Год назад, пошептавшись с мужем и ничего не сказав отцу, Алка отправилась в ЗАГС менять отчество. Получив новые документы, поставила родителей перед фактом, что из «Наталии Соломоновны» она превратилась в «Наталию Семеновну».
– Алочка, как же? – растерянно спрашивала Катя. – Ты подумала, какая это боль для отца?
– Ах, мам… – Алка с досадой подумала, что никакая это для отца не боль, укол самолюбию – да, но не боль. Всю жизнь сидел пригнувшись, не высовываясь, считая, что ему, еврею, ничего иного не дано. Всю жизнь был занят только собой. Ну и Катенькой, в той мере, в какой та составляла часть его удобств. – Ты хочешь, чтобы Гуля поступила в университет? Для чего мы возили ее в спецшколу, снимали дачу на Николиной горе, брали англичанку, теперь репетиторов?
– По-моему, ты никогда не стеснялась быть еврейкой. В свое время ты гордилась этим, разве я не права?
«Ох, как ты не права», – подумала Алка, а вслух произнесла:
– Время, мама, теперь другое… Гуля обязана поступить в МГУ.
– Это бесспорно… Но, Алочка, менять ради этого отчество?
– В анкете национальность родителей не пишется, только имя и отчество. У нее должна быть чистая анкета. Отец – Котов Виктор Степанович, мать – Котова Наталия Семеновна.
– Ну не знаю… – вздыхала Катя, – я этого не понимаю.
– Мама, думаешь, мне это легко далось? Если бы ты знала, через что я на работе прошла. Вчера встречаю у метро сослуживца, Гринберга, пьяного, он меня держит за пуговицу и приговаривает: «Ловко ты, Хесина, устроилась. Ты, значит, Котова Наталия Семеновна, а я по-прежнему Сема Гринберг. Ловко, ничего не скажешь, ты всю жизнь была такая».
Алка могла бы напомнить, что они с Виктором крутятся как белка в колесе. Могла бы добавить, что сестры Кушенские с их еврейскими мужьями не понимали, что они изгои лишь потому, что отгородились от реальности зеркальным вестибюлем и носа за его пределы не высовывали. Но произнесла лишь:
– У Гули будет другая жизнь. Я обязана это ей дать, чего бы это ни стоило.

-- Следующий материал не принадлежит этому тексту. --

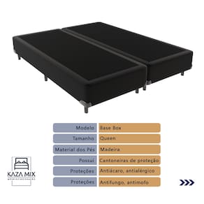 Bem-vindo(a) ao nosso catálogo! Apresentamos a você uma descrição completa sobre esse produto:O colchão Elegant com sua estrutura de molas ensacadas e espuma D26 de alta densidade, ele oferece suporte adequado para pessoas de até 150kg, tendo como garantia de máximo conforto o Pillow Euro. Uma camada a mais de aconchego!Colchão:Modelo: Elegant;Tamanho: Queen;Dimensões: 158x198x18cm; (largura x comprimento x altura)Conforto: Molas Ensacadas Espuma D26, Pillow Euro;Proteções: Antiácaro, antialérgico, antifungo, antimofo;Possui: Sistema No Turn, Fibra de bambu;Peso máximo recomendado: até 150Kg (por pessoa);Garantia: 03 meses; O sistema No Turn do Colchão Elegant torna sua manutenção muito mais prática e fácil, pois ele não precisa ser virado regularmente como os modelos tradicionais. Também é um produto sustentável. A fibra de bambu utilizada em sua composição é uma fonte renovável e amiga do meio ambiente.Qualidade Ortobom:O Elegant é produzido pela renomada marca Ortobom, conhecida por sua expertise em tecnologia do sono. Com anos de experiência no mercado, a Ortobom é reconhecida por oferecer produtos inovadores e de alta qualidade, que atendem às necessidades dos clientes mais exigentes.Base Box:Marca: KazaMix;Cor do Box: Preto;Revestimento da Cama: Material Sintético;Material dos pés: Madeira;Estrutura: Madeira;Peso máximo recomendado: até 150kg de cada lado;Altura do Baú: 25cm;Altura dos pés: 10cm;Altura total: 35cm;Garantia: 03 meses;Selo Ecologicamente Correto.Invista no seu sono e experimente o conforto e a qualidade!Atenção: Antes de finalizar sua compra, certifique-se de que as dimensões do produto sejam adequadas para serem transportadas pelos elevadores, portas, escadas e corredores de sua residência. Ressaltamos que não nos responsabilizamos pelo transporte do produto por meios específicos, como escadas, guinchos ou içamentos.

– Растишь из нее карьеристку… Права Маруся… – вздохнула Катя, продолжая раскатывать скалкой тонкую лепешку теста – лапшу для супа, но дочь перебила ее:
– Можно подумать, Пикайзены воспитывают Таню по-другому. Их жизнь тоже подчинена тому, чтобы Таня оказалась на самой вершине.
– Это другое, у Тани призвание…
– Мама, что за чушь! У Тани – одни способности, у Гули – другие. Трудится она умеет, слава богу, не хуже Тани. Разве ты сама не повторяла всю жизнь, что лень – мать всех пороков?
Гуля проснулась от пения радио. «С добрым утром, с добрым утром, и с хоро-о-шим днем!» Хлопнула входная дверь. «Папа с рынка пришел, значит, надо вставать завтракать». Она зарылась в одеяло. Сейчас войдет мама со словами: «Уже десятый час!» Год, как у нее отдельная комната, – с тех пор, как бабушка с дедушкой уехали в Беляево, – а поспать все равно не дают, даже в воскресенье. Но что делать, надо заниматься. Вошла мама, Гуля побрела в ванную чистить зубы.
Алка вернулась в кухню, прикрутила газ в конфорке: лук, нарезанный тонкими кружочками, не должен подгореть, ему полагается быть хрустящим, но не коричневым, а только золотистым.
Отварная картошка с селедкой, жареным луком и кефиром – неизменный воскресный завтрак. Вопрос, почему картошку с селедкой надо запивать кефиром, ни у кого в семье не возникал, как, впрочем, и вопрос о том, почему любимым обеденным блюдом был молочный суп или попросту лапша, сваренная в молоке, к которому непременно подавалась селедка. Вообще, селедка в семье с Алкиной подачи была главным украшением любого стола, вне зависимости от меню. «Насколько легче стало, когда родители съехали в Беляево. Можно не думать, кому ставить первую тарелку», – Алка разбирала продукты и накрывала на стол.
Для Соломона было вопросом принципа, чтобы первая тарелка непременно ставилась ему. В крайнем случае, Гуленьке. Но уж не Виктору! Если это по оплошности женщин случалось, Соломон шваркал ложкой по столу и выходил из кухни. Не будет вам праздничного завтрака.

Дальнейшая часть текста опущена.